Clergy Roar like Lions

"Your wooden arm you hold outstretched to shake with passers-by." Caroline Healey Dall (1822-1912) was a transcendentalist...

"Your wooden arm you hold outstretched to shake with passers-by."

Caroline Healey Dall (1822-1912) was a transcendentalist, early feminist, reformer, and sometime attendee at Harvard Commencements. Her diary was published last fall: Daughter of Boston: The Extraordinary Diary of a Nineteenth-century Woman, edited by Helen R. Deese, the Dall editor for the Massachusetts Historical Society. Here’s Deese on Dall commenting (on Thursday, July 18, 1861) on alumni Unitarians at dinner.

“On a more somber occasion, the commencement that took place a few months after the beginning of the Civil War, Dall’s journal recorded in the form of a letter to her sister a debate over the goal of the war among the Unitarian clergy who had gathered for the annual Divinity School visitation: should the war’s purpose be to preserve the union, or to end slavery?” [She wrote:]
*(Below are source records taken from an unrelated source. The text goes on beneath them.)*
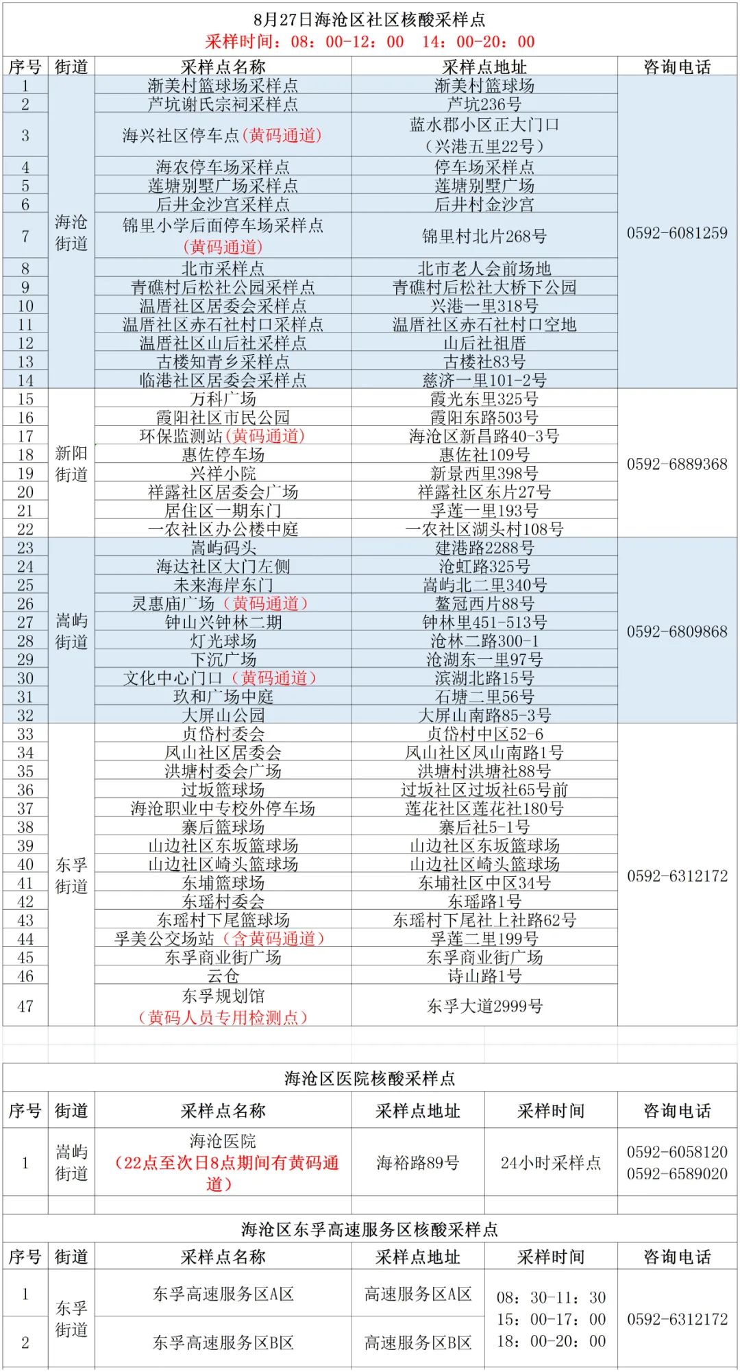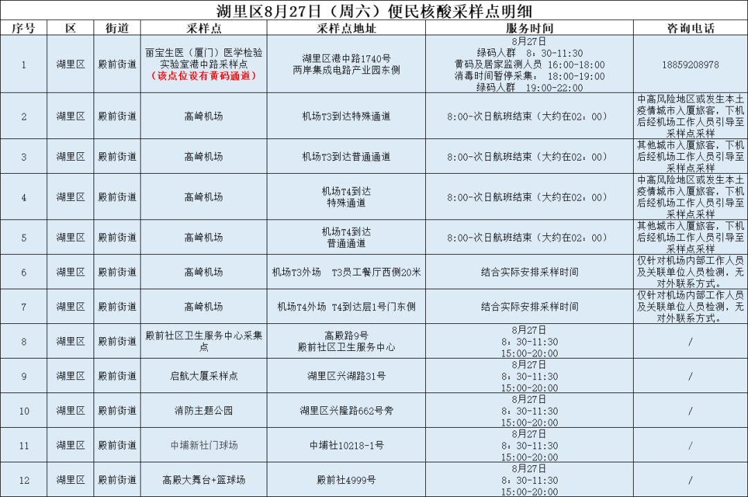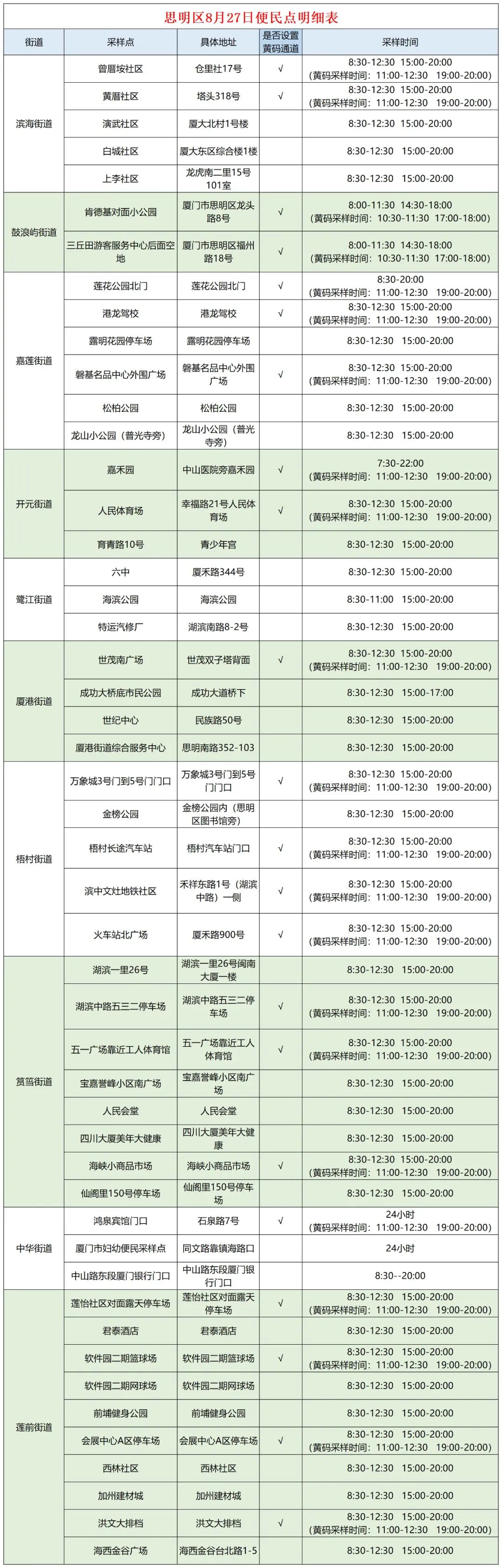 2022年8月27日厦门核酸检测点 厦门2021年春节返乡核酸检测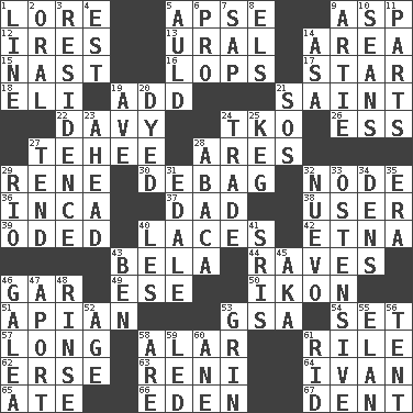 ACROSS 1. Old wives' tales, e.g. 5. Domed church section 9. Viper 12. Angers 13. Mountain range 14. Length times width 15. Political cartoonist Thomas 16. Chops off 17. Play the lead 18. Biblical high priest 19. Increase 21. Inhabitant of Heaven 22. American folk hero Crockett 24. Ring climax 26. Double-curved letter 27. Giggle 28. Ancient Greek god of war 29. French philosopher Descartes 30. Debunk (Brit. slang) 32. Connecting point 36. South American Indian 37. Male parent 38. One who uses or employs something 39. Wrote a lyric poem 40. Shoestrings 42. Inactive volcano in Sicily 43. Actor Lugosi 44. All-night dance parties 46. Slender fish 49. Compass dir. 50. Picture 51. Bee-related 53. Girls' org. (abbr.) 54. Arrange properly for use 57. Yearn 58. Having or resembling wings 61. Cause heat under the collar 62. Celtic language 63. Painter Guido (1575-1642) 64. "Terrible" tsar 65. Had dinner 66. Locale of original sin 67. Undesirable depression on a surface DOWN 1. Actor's bit 2. Of the mouth 3. Dwelling 4. Eastern Standard Time (abbr.) 5. Old (Scot.) 6. Adept person 7. Plant excrement 8. Raised railways 9. Nick name for Arthur 10. Seines 11. Actors' quests 14. White ___ sheet 19. "___ Maria" 20. Colored 21. Distress signal 23. Toward the future 24. Swap 25. Barrel 27. Look after 28. Phillipine bananalike plant 29. _ de Janeiro 31. Peak District village in England 32. New (sp.) 33. Clearly or manifestly demonstrative 34. Lairs 35. Period 40. French article 41. Indian titles of respect 43. Benjamin's nick name 45. Alias (abbr.) 46. An organ shaped like a helmet 47. To the left, to Queeg 48. Remove soap 52. Personal question 53. Smile widely 55. Enthusiasm 56. Portable shelter 58. "We ___ not amused" (Victoria) 59. Directed 60. A saturated hydrocarbon 61. To free from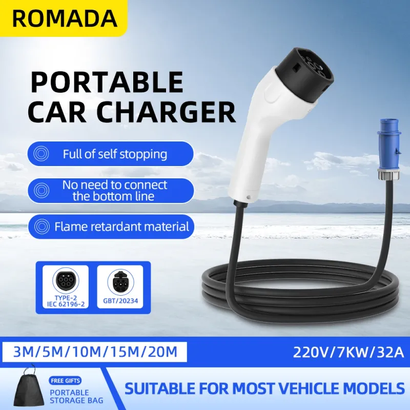 ROMADA Type2 IEC62196-2 For Electric Vehicle 7KW 32A EV Portable Charger 3M 5M 10M 15M 20M Cable EVSE CEE Plug Wallbox Adapter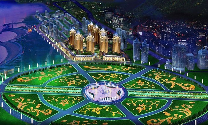 從廣場(chǎng)中央大道中心點(diǎn)往北500米是會(huì)展中心;往南是百年城雕廣場(chǎng),500米外是藍(lán)色的大海。中央大道紅磚鋪地,兩側(cè)綠草如茵,每隔20米設(shè)一個(gè)航標(biāo)燈造型的石柱燈,象征著中國(guó)正面向大海,走向世界。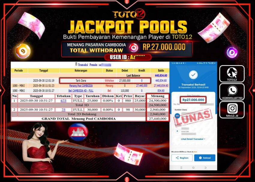 Selamat kepada Member Kami Az****** Telah Jackpot dan berhasil mendapatkan kemenangan besar pada permainan JACKPOT POOLS PASARAN (CAMBODIA)  Dengan Kemenangan Sebesar Rp.27.000.000 –.  Setelah mengisi Fomulir Withdraw dengan Kurang waktu 1-2 Menit Dana sudah kami Trasnfer kepada Pemilik Userid dan dana sudah dapat di cairkan oleh pemenang. Bukti Pembayaran yang TOTO12 berikan merupakan Bukti Pembayaran yang  SAH / VALID yang langsung Di dapatkan melalui transaksi dari Bank yang di Tunju.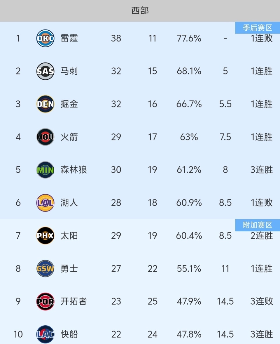 随着森林狼123-111大胜,火箭掘金赢球,NBA积分榜:西部2-7名乱套了!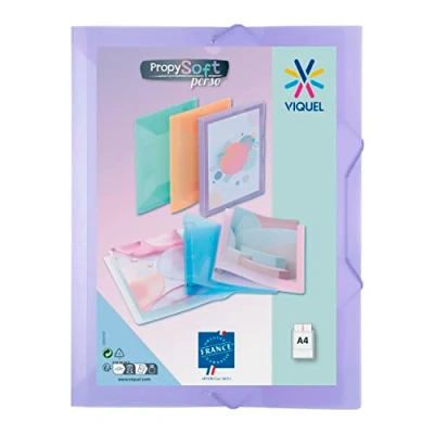 Viquel A4 Plastic Folder with Flap and Elastic Closure Customisable Propysoft Made in France Pastel Purple

You know Harvard College has always held a very important position in relation to the politics of the country. In the Revolution, a Commencement dinner was as important as a meeting held in Queen St. I could not bear not to be there…After the services, all the alumni—old & young, go to Harvard Hall to dinner, & here took place a debate which will be remembered as long as any of them live. My dear friend, William H. Channing has just returned from England—and they called upon him to explain the position of England to this country. Mr Channing…urged…that we could never have the hearty sympathy of any European nation, unless we made this a war for freedom. Dr Osgood of New York replied insisting that it should be no such thing—that good faith to our own people required that the old compromise should be restored, He was spiteful and bitter against the Abolitionists, and declaimed like a fool against the mother country. This brought Dr Hedge to his feet, who declared that if this did not prove a war of emancipation, we should be eternally disgraced in the eyes of the world. That every inch the sword cleared should be cleared for freedom, that he would not raise a dollar for the soldier if he did not believe it &c &c. He was highly excited & made a terrific appeal. Then up sprang Geo. Ellis, all his face deformed with rage. He hoped there were no reporters present, to report the extremely injudicious words of his learned brother. Like a parched pea—sprang Dr Hedge to his feet. “God willing there may be any number here; what I have said now, I will say forever & in the face of the whole world—” & so it went on—…Dr Stebbens of Woburn…roared out all he had to say —like a lion. He said he told the troops that went from Woburn, not to leave a slave on any soil they touched & not to serve under any man, who talked about returning a fugitive. If he thought the war would create no change, he would begin to preach treason, tomorrow.… [In a sign of the exciting times, Dall added, the guest list for dinner included abolitionist William Lloyd Garrison.]

 

Radcliffe Cooler
Photograph by Stu Rosner

Fizzy, not too sweet. The Faculty Club has published A Proper Welcome, a lighthearted history of the club by its director, June Cuomo, complete with recipes for food and drink. In the latter category, the “Harvard Yard” is forcefully to the point: 4 ounces of Tanqueray No. 10 gin, stirred with ice, then served in a martini glass with a twist. The “Radcliffe Cooler” is more subtle: Crush 10 fresh raspberries and add 4 ounces lemon vodka and 1 ounce crème de framboise; chill until needed. To a pitcher filled with ice cubes, add 1 cup freshly squeezed grapefruit juice, 1 cup sparkling rosé, and the vodka-raspberry mix. Shake, strain, and serve in large martini glasses, garnishing each drink with raspberries and a swirl of grapefruit rind. For four.

Other culinary matter: A dinner roll half eaten on March 14 at Dunster House by then-president Lawrence H. Summers was auctioned March 21 on e-Bay by Jonathan P. Hay ’06. It fetched $12.50.

Bodily changes. From an essay by Frederik C. Hansen, of Baltimore, in Fifty Years Out: Physicians Reflect on Our Times, a just-published collection by members of the Medical School class of 1953: “As I was growing up I was constantly amazed by the changes that were occurring in my body, and I generally looked with pleasant anticipation for what was coming next. Now as a superannuated adult who is growing down, the changes in my body are still quite interesting but the sense of pleasant anticipation is greatly diminished.”